Abandoned cart emails give you opportunities to test your “complete your cart” offer. It gives you the ability to see what works, what doesn’t. Heck, you could even change your offer a bit to entice customers to sign up for a better opportunity. After all, these are customers that would have otherwise left.
With all this ability to work on your membership offer, you can begin to tweak your original offer so it becomes better for you to generate revenue. If you start to see an offer work really well with your abandoned cart campaigns, you can move the best-performing offer to be your main offer.
The advantage to testing your offer is that you’ll end up with a better offer initially, which means you should see your abandoned carts go down.
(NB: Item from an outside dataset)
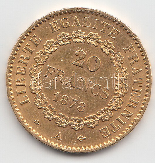 Fra... https://www.darabanth.com/hu/168-Gyorsarveres/168.0/Numizmatika/Magyar-es-kulfoldi-arany-penzek~2000356/FranciaorszagModern-Koztarsasag-1878A-20Fr-Au0900-6-45g-T2-K-3Cbr3EFranceModern-Republic-1~II563359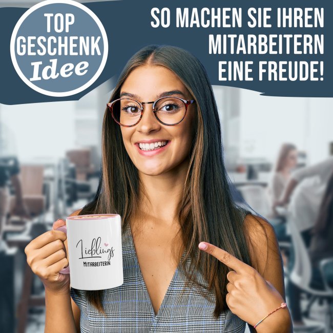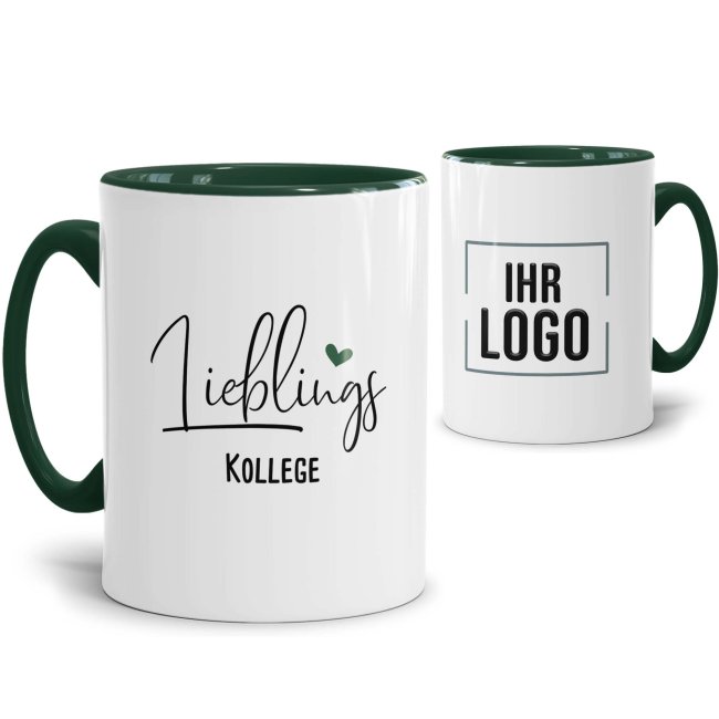 Bereiten Sie Ihren Kollegen und Mitarbeitern eine besondere Freude mit einer ganz persönlichen Werbetasse mit Kompliment für den allerbesten Lieblingskollegen, Lieblingsmitarbeiter, Lieblings-Chef oder Lieblings-Assistenten.Sie können die Tasse mit dem Logo Ihrer Firma, Ihrer Arztpraxis oder Ihres Vereins bedrucken lassen und damit perfekt die Teambildung fördern. Die Tasse mit Logo aus hochwertiger Keramik wird Ihre Mitarbeiter und Kollegen begeistern. Erfreuen Sie Ihre Lieblingsmitarbeiter mit einem ganz individuellen Geschenk. Bei jedem Schluck Kaffee wird Ihr Lieblingskollege an Sie denken. Laden Sie einfach Ihr Logo als png-Datei hoch und suchen Sie die passende Beschriftung und Tassenfarbe aus.

When abandoned carts go down, you bring in more revenue initially and thus your membership grows.
You can then start this process over again with your next set of abandoned cart campaigns.
To do all this, to create an abandoned cart campaign, you need to have a system that can handle this. The system must be able to monitor your cart and watch for carts to be filled out but not completed.
Enter Recapture.
Recapture is an abandoned cart email service that can boost your store’s revenue by 10%. It already works with Magento, Shopify, WooCommerce, even Easy Digital Downloads. So you can feel assured that they know what they are doing when it comes to helping you set up abandoned cart campaigns for your membership.
Best of all, Recapture has now built a plugin that connects Recapture to Restrict Content Pro to send triggered emails to your customers to recover abandoned carts.
Recapture works by tracking when signups are abandoned on your site, then it lets you send recovery emails to encourage customers who abandoned these carts to complete their purchase. It allows you to set up as many campaigns and recovery emails as you’d like and even customize the text and design of every email sent.
Recapture is free for the first 15 days. After that, plans start at just $29.00 per month.
To get Recapture working with your Restrict Content Pro membership site, you need to first download it from the WordPress plugin repository.
Once the Recapture plugin is installed, you’ll need to activate it. Then click on the “Configure” link on the plugins page or you can go to Recapture from the main menu to connect your site to Recapture.
Click the “Connect to Recapture” button and you’ll go through an on-boarding process on Recapture.io.
Once the process is complete, your Recapture.io and your RCP membership site are connected.
Recapture will walk you through a great onboarding process. You’ll need to set your currency and timezone, activate an abandoned cart campaign and you’ll be up and running.
Recapture will give you a few options of campaigns. Start with these. You can choose to activate one or all.
With one of these activated, you’ll be all set.
Adding an abandoned cart campaign to your membership site can really give you an opportunity to recover lost revenue. You already put a lot of effort into your digital marketing efforts to lose a number of potential customers to cart abandonment, so it seems like a no-brainer to add an abandonment cart campaign.